Brett rubbed his hand over his mouth as if to wipe away a sudden grin. “Who would take that seriously?”
“Maybe my perfect man!”
This time her brother laughed out loud. “How would he be perfect for you, then?”
She ignored his logic. “And what about those postcards? Ten years of finding reminders of him in my mail, with that Z as the only message. Don’t I deserve an explanation for that?”
Now she looked toward Zan, noting he’d been stopped by a middle-aged couple at a table on the other side of the room. The Robbinses had recently began living full-time in the mountains and were clients of her Maids by Mac business.
Without another word to her brother, she headed in that direction, prepared to engage Zan when he wrapped up his conversation with the pair. And she didn’t feel the least bit guilty over eavesdropping in the meantime.

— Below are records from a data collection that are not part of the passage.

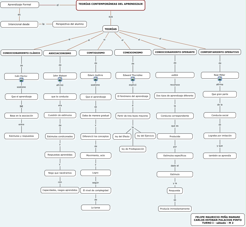 Este Cmap, tiene información relacionada con: Aprendizaje, Partir de tres leyes mayores la ley del Ejercicio, Partir de tres leyes mayores la ley de Predisposición, Basa en la asociación entre Estimulos y respuestas, TEORÍAS CONTEMPORÁNEAS DEL APRENDIZAJE el Aprendizaje Formal, es904 reconoce Dos tipos de aprendizaje diferente, Respuesta se Producía immediantamente, Lograba por imitación y que también se aprendía, Intencional desde la Perspectiva del alumno, TEORÍAS el CONEXIONISMO, Daba de manera gradual y Diferenció los conceptos, TEORÍAS CONTEMPORÁNEAS DEL APRENDIZAJE sus TEORÍAS, Dos tipos de aprendizaje diferente la Conducta correspondiente, El nivel de complegidad de La tarea, COMPORTAMIENTO OPERATIVO de Neal Miller, Estímulos específicos dado el Estímulo, Que el aprendizaje se Basa en la asociación, El fenómeno del aprendizaje a Partir de tres leyes mayores, Que gran parte de la Conducta social, Iván Pavlov sostiene Que el aprendizaje, TEORÍAS el COMPORTAMIENTO OPERATIVO
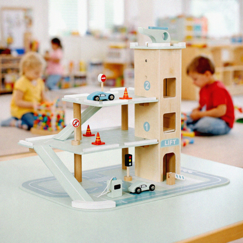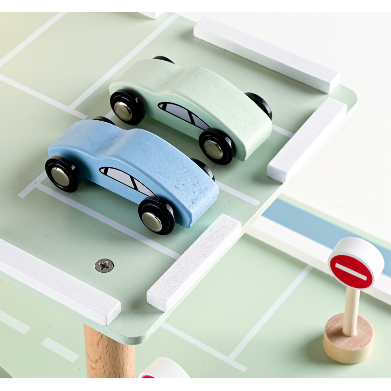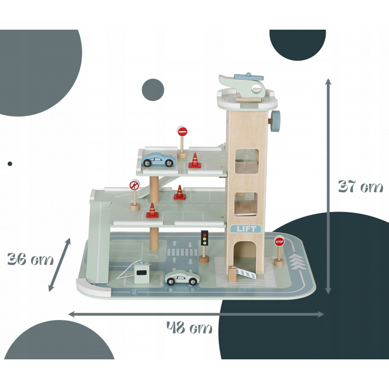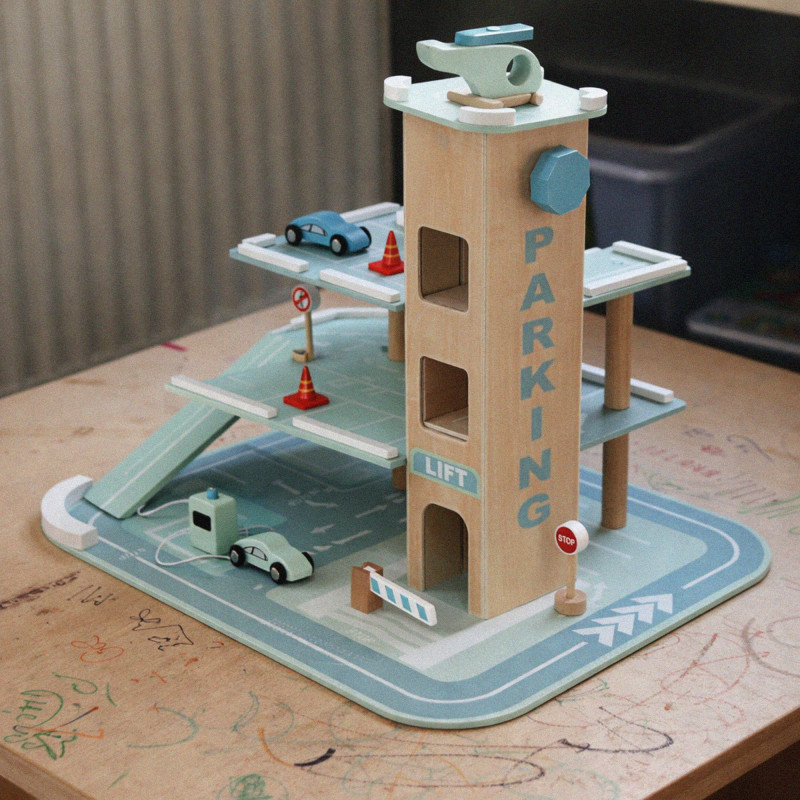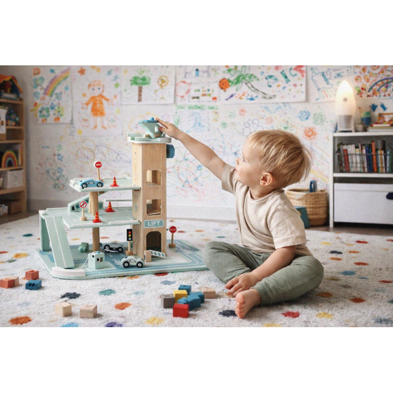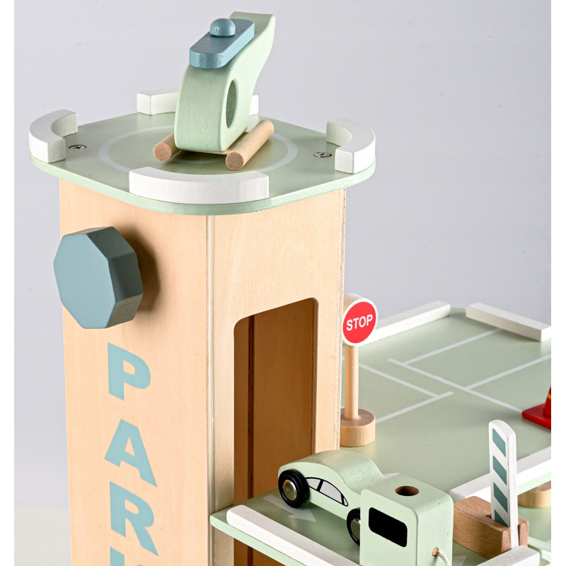 Scurta descriere Parcarea auto din lemn este o jucarie educativa complexa, conceputa pentru a stimula imaginatia si creativitatea copilului. Prevazuta cu 3 niveluri, lift actionat manual si heliport, ofera multiple scenarii de joaca realista cu masinute. Constructia solida si finisajele atent realizate asigura durabilitate si siguranta in utilizare. Este ideala pentru acasa, gradinita sau coltul de joaca.
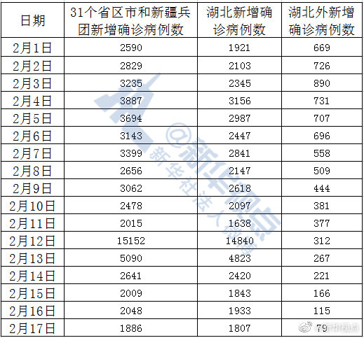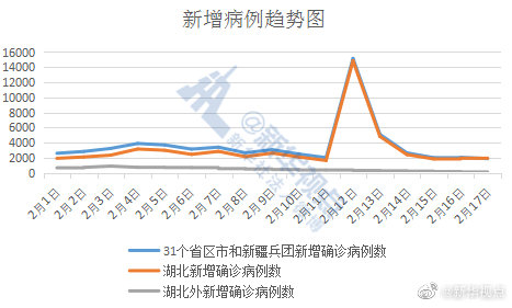 2月17日,31個(gè)省(自治區(qū)、直轄市)和新疆生產(chǎn)建設(shè)兵團(tuán)報(bào)告新增新冠肺炎確診病例1886例,湖北新增確診病例1807例。這就是說,除湖北外的30個(gè)省區(qū)市和新疆生產(chǎn)建設(shè)兵團(tuán)昨日新增確診79例,這是自2月3日來新增病例到達(dá)高點(diǎn)890例以來的首次兩位數(shù)報(bào)告,也是第14連降。?
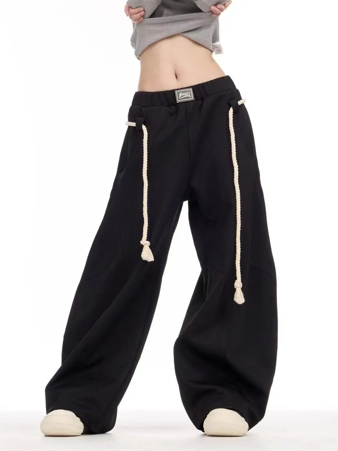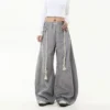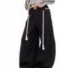 Be the first to review “Black Drawstring Casual Pants Women Street Retro Harajuku Loose Cross Legged High Waist Slim Solid Color Sports Straight Pants” Cancel reply
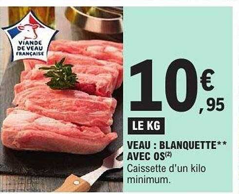 Découvrez une offre irrésistible sur la blanquette de veau avec os, fraîche et savoureuse. À seulement 10,95 € le kilogramme, vous avez l'opportunité de régaler votre famille avec un plat traditionnel et réconfortant. Cette promotion est valable jusqu'au 11 octobre 2025, alors ne manquez pas votre chance !
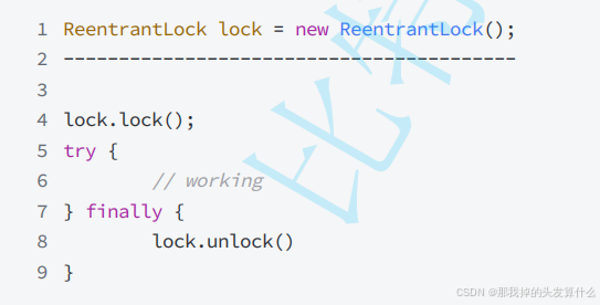 在synchronized之前,代码普遍使用ReenTranLock锁,它是一种可重入互斥的锁。 主要方法: lock(): 加锁, 如果获取不到锁就死等. trylock(超时时间): 加锁, 如果获取不到锁, 等待⼀定的时间之后就放弃加锁. unlock(): 解锁 他在使用时需要手动加锁释放锁,所以要注意防止释放锁的代码没有执行:
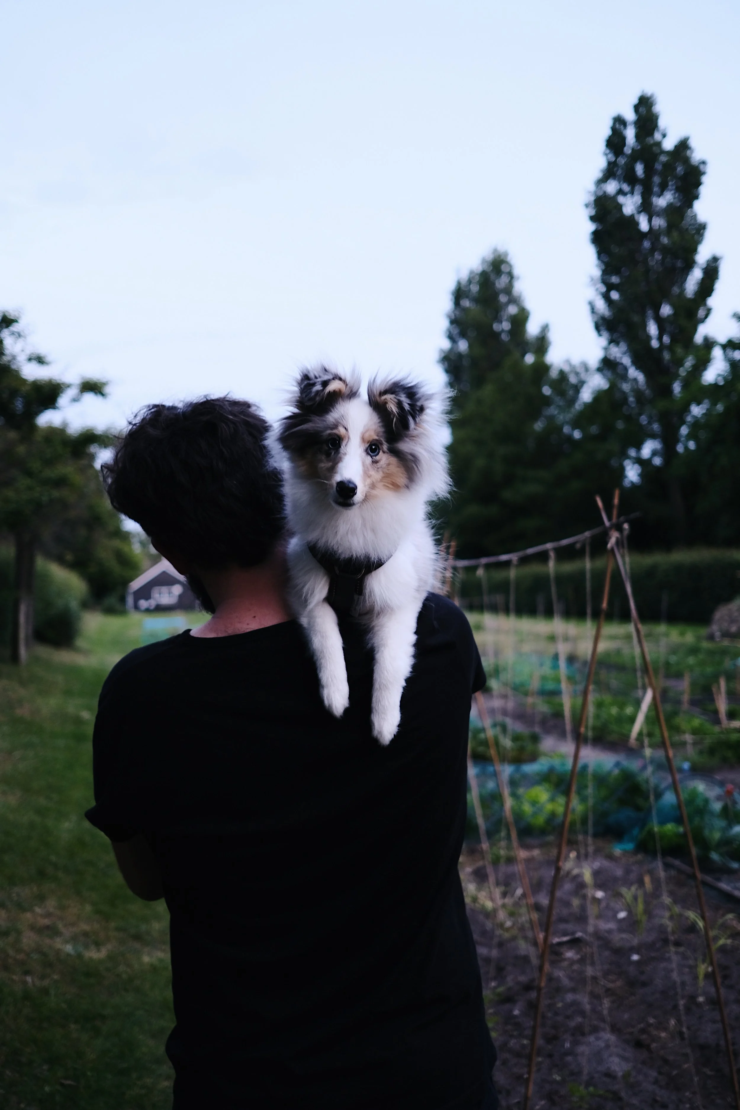 Birk mag eigenlijk het tuintje niet in, maar we wilden hem natuurlijk ook niet alleen laten. Gelukkig is hij klein en licht, dus konden we hem vasthouden. Ik vond dit zo’n lieve foto! Die wilde ik jullie niet onthouden.
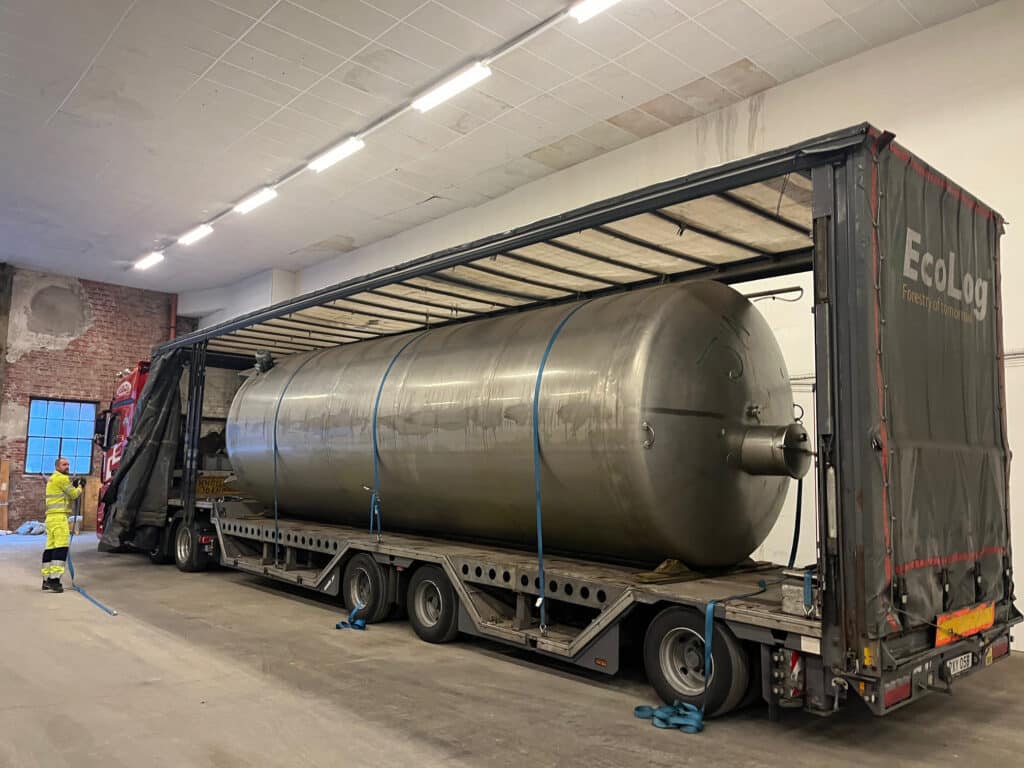 Här levererade vi en 100m³ rostfri, isolerad livsmedelstank till Falköpings Kommun.
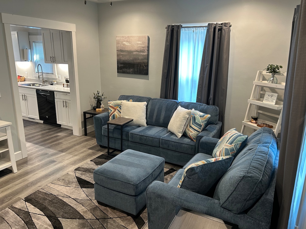 Amplia casa de dos niveles con un espacio habitable de concepto abierto perfecto para pequeñas reuniones y familias. Junto al comedor hay una terraza extragrande con parrilla, un gran patio trasero vallado y un pozo de fuego para tu disfrute. El estudio del sótano ofrece una gran TV de 60 pulgadas con Amazon Video. Hay tiendas de comestibles, restaurantes y mucho más cerca. También hay lavandería disponible. *Por favor, pregunta si estás interesado en una estancia más larga, es posible que tengamos disponibilidad que no aparece en el calendario.
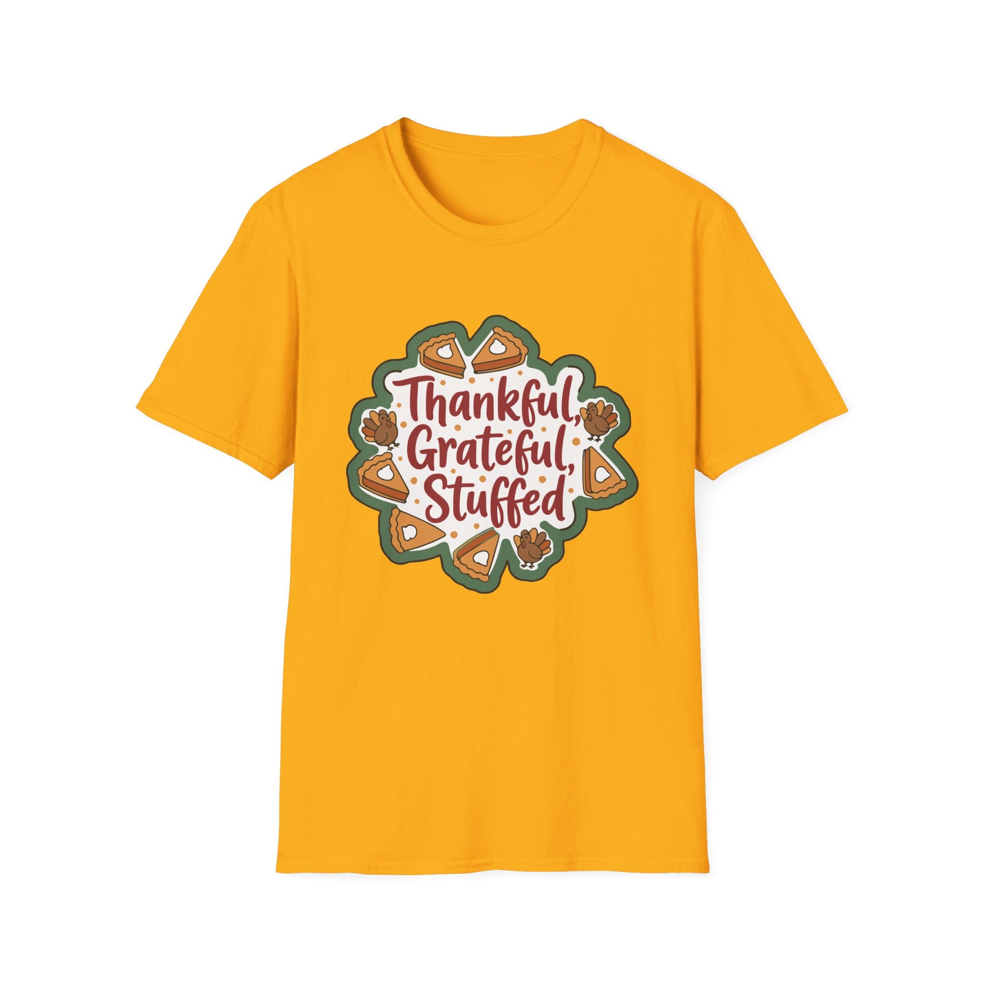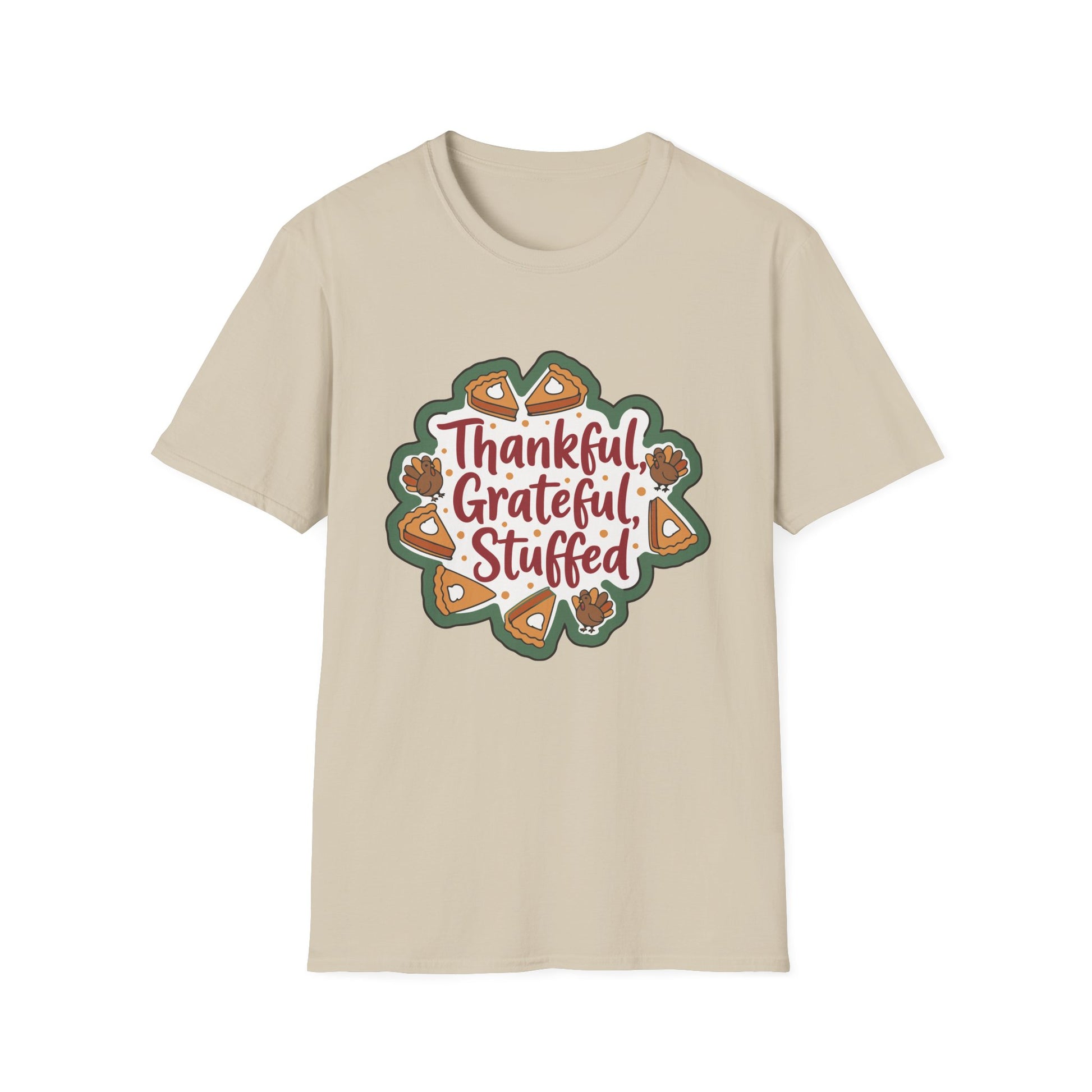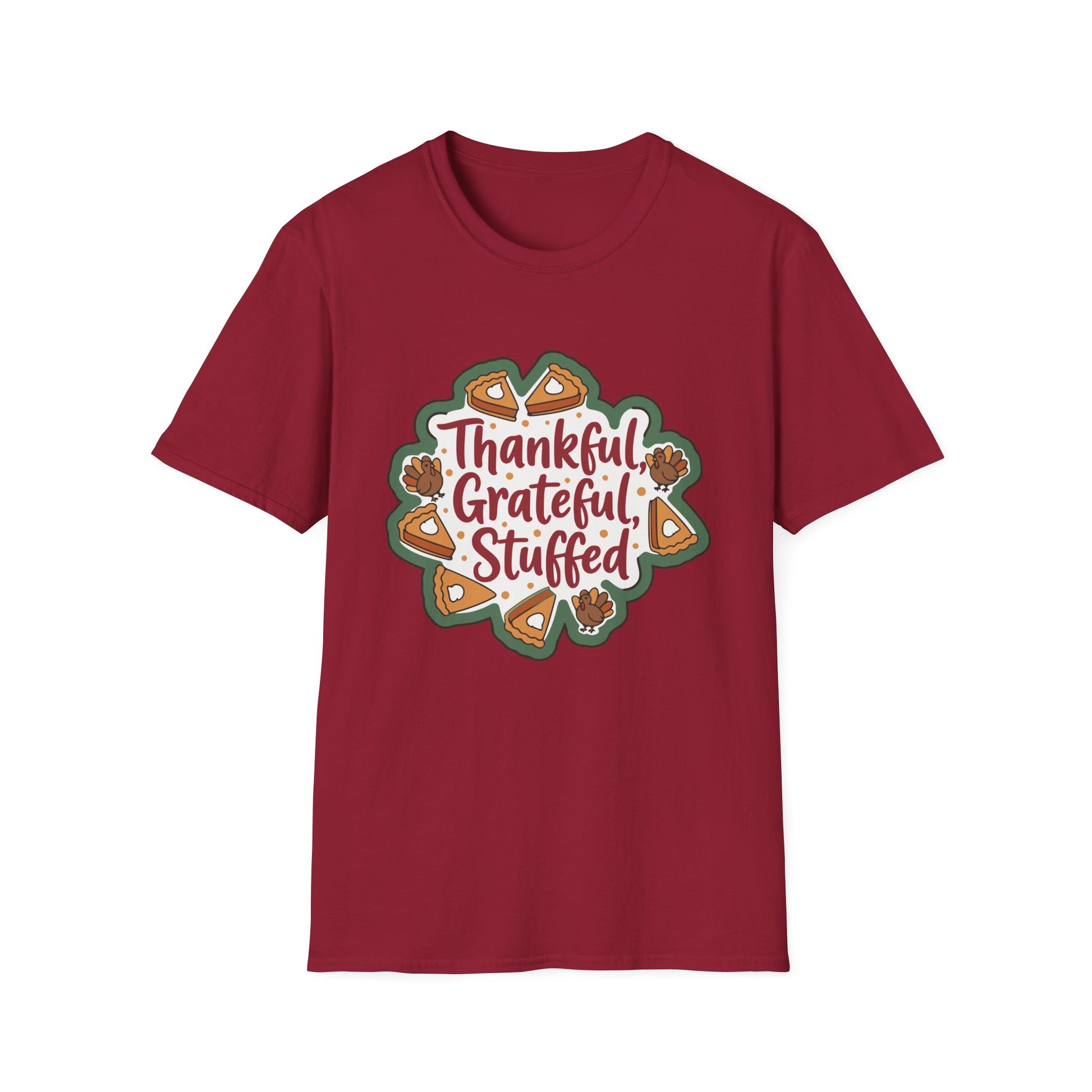 A047 - Introducing the perfect addition to your casual wardrobe: a stylish unisex softstyle t-shirt that exudes comfort and modern flair. Made from 100% ring-spun cotton, this lightweight fabric keeps you feeling blissful throughout the day, no matter the occasion. The classic fit and crew neckline offer versatility, allowing you to dress it up for semi-formal events or keep it casual for everyday wear. With its whimsical 'Thankful, Grateful, Stuffed' print, this t-shirt embodies a cozy, festive vibe that's ideal for Thanksgiving celebrations, casual gatherings, or simply lounging at home. It’s not just a t-shirt; it’s a reminder to cherish the moments and the people around you. Great for friends, family, or anyone who values comfort and style, this shirt makes an excellent gift during the holiday season, or a delightful treat for yourself!

“Ash came home exhausted but exhilarated from his experience with your documentary crew,” Veronica Robbins was saying.
Documentary crew? Ash was the Robbinses’ twentysomething son, and she’d heard the woman mention him spending time traveling since an internship ended in the fall.
“When will we get to see Earth Unfiltered?” she asked.
“It’s in postproduction now, but the IMAX theater dates should be nailed down fairly soon.”
“Nine years in the making,” Veronica gushed. “Footage from the remotest locations in the world.”
“I’ve been lucky to be a part of it,” Zan said.
From the corner of her eye, Mac studied him. Was he a documentary filmmaker? Really? That would mean that while she’d stayed home and cleaned up other people’s messes, he’d been traveling the world, gaining sophistication and savoir faire.
Not that he looked all that urbane at the moment. He was paler than he’d appeared when he first arrived. Her brother was right, Zan didn’t look so good. Was he sick?
Not that she should care. And she didn’t care that building a business in Blue Arrow Lake likely wouldn’t impress one of the creators of some IMAX theater-bound film called Earth Unfiltered. Zan had been born to a world of privilege but she’d been born to the mountains and considered that the best advantage of all.
She wasn’t afraid of hard work and she wasn’t impressed by material wealth. As a matter of fact, the Walkers and other longtime locals were quite suspicious of the moneyed flatlanders who moved up the hill. Zan’s grandfather had turned his vacation place into his permanent retirement home, but even though the luxury estate had been in the Elliott family since the early 1900s, he’d never achieved homegrown status in the eyes of the full-time mountain residents.
“I’ll see you later,” she heard Zan say to the couple, and then he was again on his way to the exit.
She hurried after him, frowning when he bumped into a table and then into the newspaper stand. Its metal frame rocked back and forth and Zan himself seemed ready to topple. Her hand shot out reflexively, and she grabbed his arm to steady him.
Slowly, he swung about, then stared down at her, blinking as if surprised to see her.